-
Notifications
You must be signed in to change notification settings - Fork 0
Power analysis
Alexander Strobel
Faculty of Psychology, TU Dresden
At AG.DPP, it is mandatory that you perform power calculations (or at least elaborate on power considerations) in any study that leaves the lab. If you feel insecure on this issue, please consult the following presentation:
Ideally, we use power analyses to determine sample size a priori. Sometimes, however, we have to rely on convenience samples and can calculate power only post hoc. Both approaches are appropriate, but must be named as such. In the former case, we would state in our manuscript:
Sample size was determined a priori based on a meta-analytically derived effect size for the effect of interest of r = .28. With a power of 1-β = .80 and an α = .05 (two-tailed), the required sample size was N = 97 as determined using the R package
pwr
.
In the later case, we would write something like:
For our online survey, we set out to collect as many participants as possible within a time window of one month. We eventually had complete datasets of N = 348 participants. With this sample size, we were able to detect correlations of r ≥ .15 at a power of 1-β = .80 and an α = .05 (two-tailed) as determined using the R package
pwr
.
If the literature tells you what effect size to expect, this effect size is most likely inflated due to publication bias. Evidence from replication research (e.g., Open Science Collaboration, 2015) suggests that even replicable effects are about half of the size as those originally reported. It may thus be wise to divide the effect size you found in the literature by two. This may be too conservative if you ground your power calculation on meta-analytically derived effect sizes and use that estimate for your power analysis. Yet, also meta-analyses suffer from publication bias and may overestimate effect sizes. Thus, it is perhaps a good idea to use the lower bound of the confidence interval of the effect size in question as estimate for your power analysis. Calculate the required sample size with a desired power of at least 80% and a significance level that accounts for possible multiple testing.
If you have no idea what effect size to expect, Cohen‘s classification most likely will not reflect the typical effect sizes in your area of research. If there are no established guidelines (such as those of Gignac & Szodorai, 2016, for individual differences research), assume a correlation of r = .20 (or any derivative such as an explained variance of .04, see Fraley & Vazire, 2014). A small to medium effect is more likely than a large one.
The software used for power analysis makes no difference. Yet, G*Power is more powerful than other software such as jamovi or the R package pwr
under R. If there is no power analysis software for your specific effect size, run simulations.
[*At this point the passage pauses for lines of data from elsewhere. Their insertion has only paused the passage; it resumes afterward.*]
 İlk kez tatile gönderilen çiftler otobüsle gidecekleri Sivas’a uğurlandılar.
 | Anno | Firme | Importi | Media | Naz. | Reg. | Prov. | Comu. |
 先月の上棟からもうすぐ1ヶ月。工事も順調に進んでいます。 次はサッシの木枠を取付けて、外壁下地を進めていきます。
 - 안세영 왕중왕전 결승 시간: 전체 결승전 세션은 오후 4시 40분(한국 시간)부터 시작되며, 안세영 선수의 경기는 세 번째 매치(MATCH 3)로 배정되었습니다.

In the basic case, you want to determine the sample size needed to detect a small to medium effect (which is most likely the size an effect in our field will have) a priori given a desired level of power (usually 1-β = .80) and significance level (usually α = .05. Or you want to determine the power you had to detect the effect observed in a convenience sample given the sample size and the effect size (and a given α-level). Let us assume your effect size is a correlation, and you have no idea of its size in the population, Then, it is wise to assume a correlation of r = .20 and calculate the sample size needed to detect this effect using G*power or the pwr
package, in the latter case like this:
ceiling(pwr::pwr.r.test(r = .20, power = .80, sig.level = .05)$n)
The rounding via ceiling
is necessary because if the output tells you that you need an N = 181.25 to detect this effect, having only N = 181 participants would give you a power somewhat below .80. Therefore, we strive for at least N = 182 (and ideally oversample by 10% to account for dropouts and outliers, although it is another question how to treat outliers).
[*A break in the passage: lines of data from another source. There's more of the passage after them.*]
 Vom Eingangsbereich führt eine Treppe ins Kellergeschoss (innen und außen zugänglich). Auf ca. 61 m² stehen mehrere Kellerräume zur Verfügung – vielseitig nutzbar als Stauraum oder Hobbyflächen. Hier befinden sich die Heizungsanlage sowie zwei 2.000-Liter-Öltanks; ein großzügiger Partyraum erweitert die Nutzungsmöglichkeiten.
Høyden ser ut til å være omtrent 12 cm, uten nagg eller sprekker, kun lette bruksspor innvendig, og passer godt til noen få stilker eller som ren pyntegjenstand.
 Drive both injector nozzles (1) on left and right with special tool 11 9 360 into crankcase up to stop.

As said, if there are no established routines for power analysis of your desired analysis routine, simulations may be the way to go. Yet, before we go at great lengths to program such simulations, we should always refer to the literature whether meanwhile there are published and perhaps even approved (by means of having been cites a lot) routines for the analysis type we want to apply. Such analysis routines include:
- mediation analysis
- structural equation modeling
- ...
Approaches for these types of analyses are outlined below.
...
There seem to be three commonly accepted approaches to run a power analysis for structural equation modeling (SEM) or any derivative of such as a more complex path analysis, the power of which cannot be determined in terms of regression analysis:
- Satorra and Saris (1985)
- MacCallum, Browne and Sugawara (1996)
- Muthén and Muthén (2002)
This approach is suitable for situations in which you are interested in a specific parameter. You compare two models: one with a parameter of interest (e.g., a regression weight) set free (the alternative model) vs. one with the respective parameter fixed to zero (the null model). Using, e.g., the function semTools::SSpower
, you provide two models in lavaan
syntax: the powerModel
is the null model with the parameter of interest fixed to zero (or any other reasonable value) and the popModel
with this parameter set free. I must admit that I do not really understand this method/function, so I will not go into further detail for now and will come to the suggested method for power calculation for SEM.
The second approach, suggested by MacCallum et al. (1996), determines power based on the root mean square error of approximation (RMSEA). As far as I understand, this approach sets out to estimate the power to detect misspecification of your structural equation model. Basically, you state an RMSEA for the null hypothesis (H0) and another for the alternative hypothesis (H1). The MacCallum et al. paper is not very precise on what grounds you should choose the values for RMSEAH0 and RMSEAH1. In one part if their paper, they compare an RMSEA of .05 vs. .08, in another part an RMSEA of .00 vs. .05. The nice thing is that there is an R package called semPower
that implements the MacCallum et al. approach. It was written by Morten Moshagen (professor for Psychological Research Methods at Ulm University) and Edgar Erdfelder (professor for Cognitive Psychology and Individual Differences who also contributed to G*Power). So we can be quite confident that this package will do its job properly. As compared to other packages you could employ to run a power analysis based on the MacCallum et al. (1996) approach such as WebPower
, with semPower
you do not have to specify RMSEAH0, but only RMSEAH1. RMSEAH0 seems to be zero per default. So the only question you have to deal with is what value to choose for RMSEAH1. I suggest to employ RMSEAH1=.06 for a priori power analysis, as this is the suggested cut-off value in Hu and Bettler (1999), and we usually refer to this paper when defining cut-off values to evaluate the fit of our structural equation models. For post hoc power analysis, you would of course use the RMSEA you achieved with your model.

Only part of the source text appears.